The accuracy of the calibration of the rotating device type high-resolution imaging Mueller matrix ellipsometer system directly affects the measurement accuracy of the instrument, so the error in the instrument must be analyzed and compensated reasonably before measurement.

This application mainly considers the following calibration parameters: (1) the azimuth angle error of the polarizer 401, the analyzer 902, the first compensator 402 and the second compensator 901, the azimuth angle information cannot be accurately obtained when the device is installed; ( 2) The phase retardation of the first compensator 401 and the second compensator 402, the phase retardation is a function of wavelength and is affected by the measurement environment; (3) The residual polarization effect of the non-polarization beam splitter 105, the ideal non-polarization splitter The beam device 105 will not affect the polarization device of the light beam, but due to the complex film system of the actual beam splitter device, it will affect the polarization state of the incident beam; (4) the polarization aberration of the objective lens 107, with the increase of the NA of the objective lens 107. The larger the angle is, the larger the angle of light refraction on the objective lens 107 is. It can be seen from the Fresnel formula that it will have a greater impact on the polarization state of the light. In addition, the birefringence of the coating material is less than the stress birefringence effect will also affect the light. The influence of the polarization state of the objective lens 107 on the polarization state of the light is polarization aberration. Therefore, in order to improve the measurement accuracy of the instrument, the polarization aberration of the objective lens 107 must be considered; (5) The rotation device type Mueller matrix The relationship between the incident angle and the rotation angle of the electric rotating table of the plane reflector 103. The rotating device type Mueller matrix ellipsometer uses the electric rotating table to drive the plane reflector to achieve different illumination incident angles, and the accuracy of the illumination incident angle is highly dependent on the The measurement accuracy of the resolved imaging Mueller matrix ellipsometer has a great influence.

This application realizes the calibration of the above instruments in two steps. The first step is to calibrate: (1) the azimuth angle of the polarizer 401, the analyzer 902, the first compensator 402 and the second compensator 901; (2) the first compensation and (3) the residual polarization effect of the non-polarized beam splitting device 105. The second step of calibration: (4) the polarization aberration of the objective lens 107 and (5) the relationship between the incident angle of the rotating device-type Mueller matrix and the rotation angle of the electric rotating stage of the plane mirror 103 .

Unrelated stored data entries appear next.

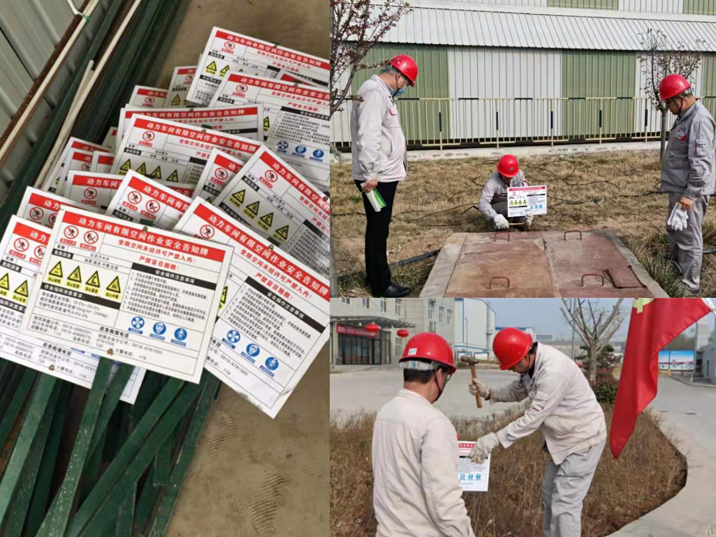 為節約費用,降本增效,車間自己動手制作了安裝支架,并針對綜合管溝、雨水、生產生活水井等重點部位設置安全警示牌、告知牌。車間積極發動組織廣大黨員、職工第一時間安裝到位。安全告知警示語簡潔明了,警示牌色彩鮮艷,起到良好的警示安全告知作用。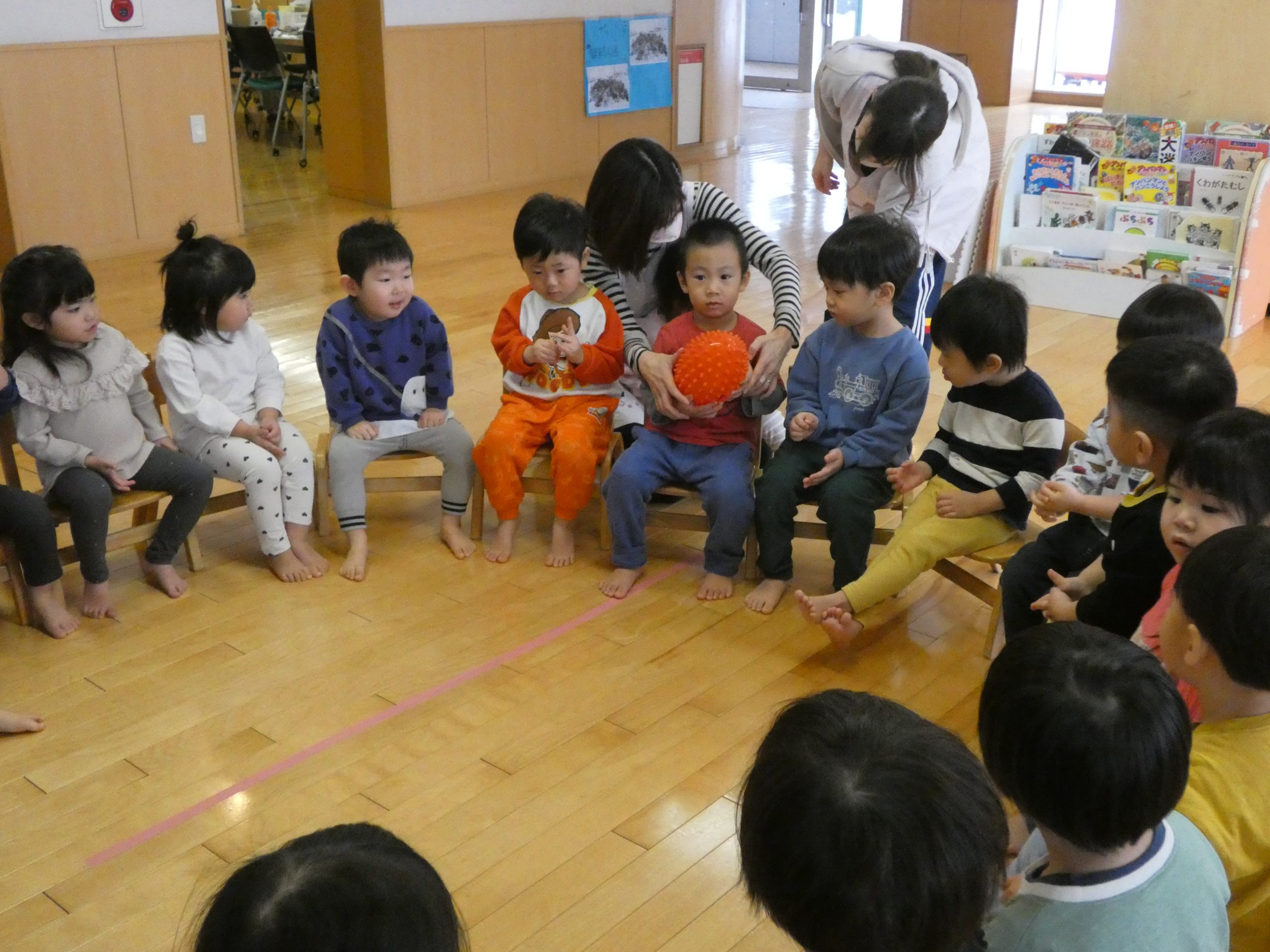 お部屋でお絵かきをしていたたんぽぽさんが一時保育室に出てきて、爆弾ゲームを始めました。爆弾に見立てたボールを曲がかかっている間は隣のお友だちに渡していき、曲が終わった時にボールを持っていた人が負けというゲームです。ルールがよくわかっていないような感じではありましたが、それでもボールが来たらお隣りへという感じで楽しんで行っていましたよ。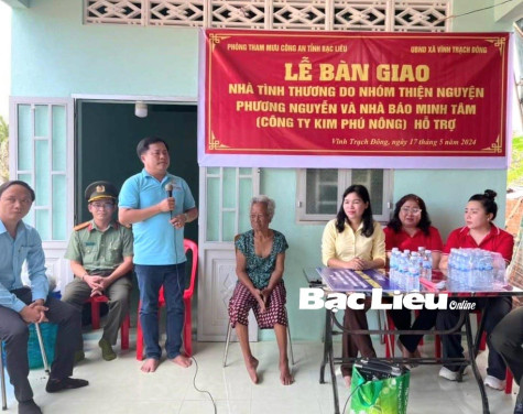 Chiều 17/5, UBND xã Vĩnh Trạch Đông (TP. Bạc Liêu) phối hợp với mạnh thường quân tổ chức bàn giao nhà tình thương cho hộ bà Lâm Thị Bông (86 tuổi, ấp biển Đông B, xã Vĩnh Trạch Đông).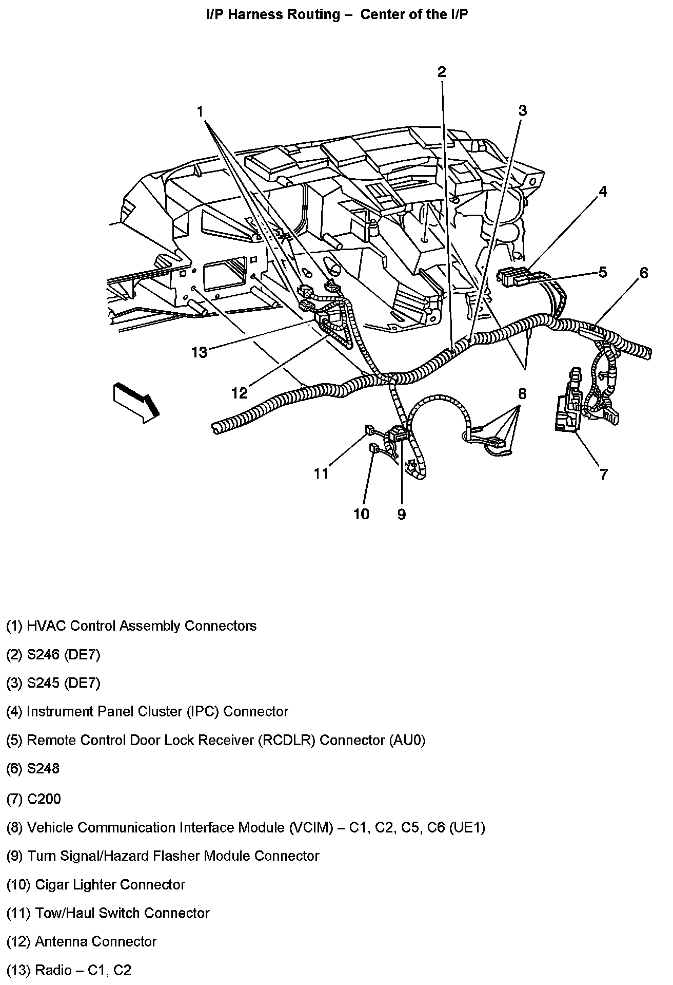 I/P Harness Routing - Center Of The I/P:

First, perform the first step of calibration, as shown in FIG. 2 , which specifically includes the following steps S1 to S5.

S1, replacing the imaging lens and the objective lens of the rotating device type high-resolution imaging Mueller matrix ellipsometer with a 1/4 standard wave plate and a reflector, respectively;

In order to realize this step of calibration, it is necessary to change the optical path configuration of the rotating device type high-resolution imaging Mueller matrix ellipsometer system, and remove the imaging part, namely the objective lens 107 and the lens 106, and replace it with a 1/4 standard wave plate of the calibration sample. 801 and the mirror 802, as shown in Figure 3, place the 1/4 standard wave plate 801 on the mirror 802 to ensure the parallelism between the two. At this time, the system can be regarded as an ordinary mu Ler matrix ellipsometer. The flat mirror 103 is adjusted so that the incident light is perpendicular to the calibration sample.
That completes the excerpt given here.